The high-temperature, water-based drilling fluid maintained stable rheological properties for five days at 365 F. A 1% lubricant addition reduced the coefficient of friction of the fluid from 0.21 to 0.143 before aging and to 0.128 after five days rolling at 365 F. The fluid had a coefficient of friction that was similar to SBM, which is 0.125. Compared to immersion field tests of synthetic-based systems, VeraTherm fluid exhibited better shale inhibition. Rheological properties of the system remained constant and maintained fluid stability throughout drilling operations.
In another case study, an operator in the Middle East sought a high-temperature, water-based drilling fluid with high stability to drill high-temperature exploration wells. Offset data showed a prevalence of barite sag, unsuccessful logs and severe lost circulation.
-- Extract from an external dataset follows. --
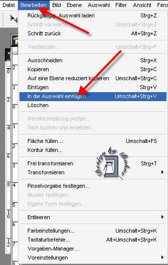 kopieren. Zurück zu unserem Herz und hier über Bearbeiten-> in die Auswahl einfügen (Umschalt+Strg+V)

High-temperature OBM systems were not considered cost-efficient for this project because of the expected lost circulation in limestone formations.
The well contained 8½-in. and 6¼-in. potential reservoirs. Challenges included drilling highly reactive shale in formations with a bottomhole static temperature (BHST) for extended wireline operations lasting seven days at 330 F BHST and 375 F BHST while maintaining a minimal sag index. Customized and tested for stability at 330 F and 375 F, the high-temperature, water-based drilling fluid maintained stable rheological properties for more than seven days and obtained an excellent sag index of <0.52 for both interval formulations. The system caused no incidents of stuck pipe, wellbore instability or poor hole cleaning while drilling. The extensive wireline logging operation at 375 F was successfully completed. The fluid maintained rheological and fluid loss properties throughout the seven-day logging operation (Figure 2).
The high-temperature, water-based drilling fluid has broad environmental acceptance. In addition to the Southeast Asia and Middle East regions, it can benefit areas that contain excessive produced water with elevated divalent salts. Most water-based drilling fluids are not compatible with this type of produced water. Because the fluid is compatible with produced water containing divalent salts, it enables operators to use produced water from the field instead of freshwater, reducing the demand for additional resources. The fluid also presents opportunities for applications such as CT drilling, which requires a polymer that does not create high frictional pressure. The branched synthetic polymer has satisfied the requirements for CT drilling fluid and has successfully drilled two high-temperature wells.
Conclusion
Extended wireline operations and high-temperature wells require fluids capable of providing excellent thermal stability to maintain sufficient rheology and fluid loss control. Operations using conventional biopolymers could require numerous products to generate those properties, but the VeraTherm fluid contains the only primary VeraVis additive and a few additives requiring minimal treatment to maintain properties. With a long shelf life and the ability to succeed in a broad range of applications and temperatures, the fluid provides an efficient, economical alternative to other high-temperature, water-based fluids or synthetic-based fluids.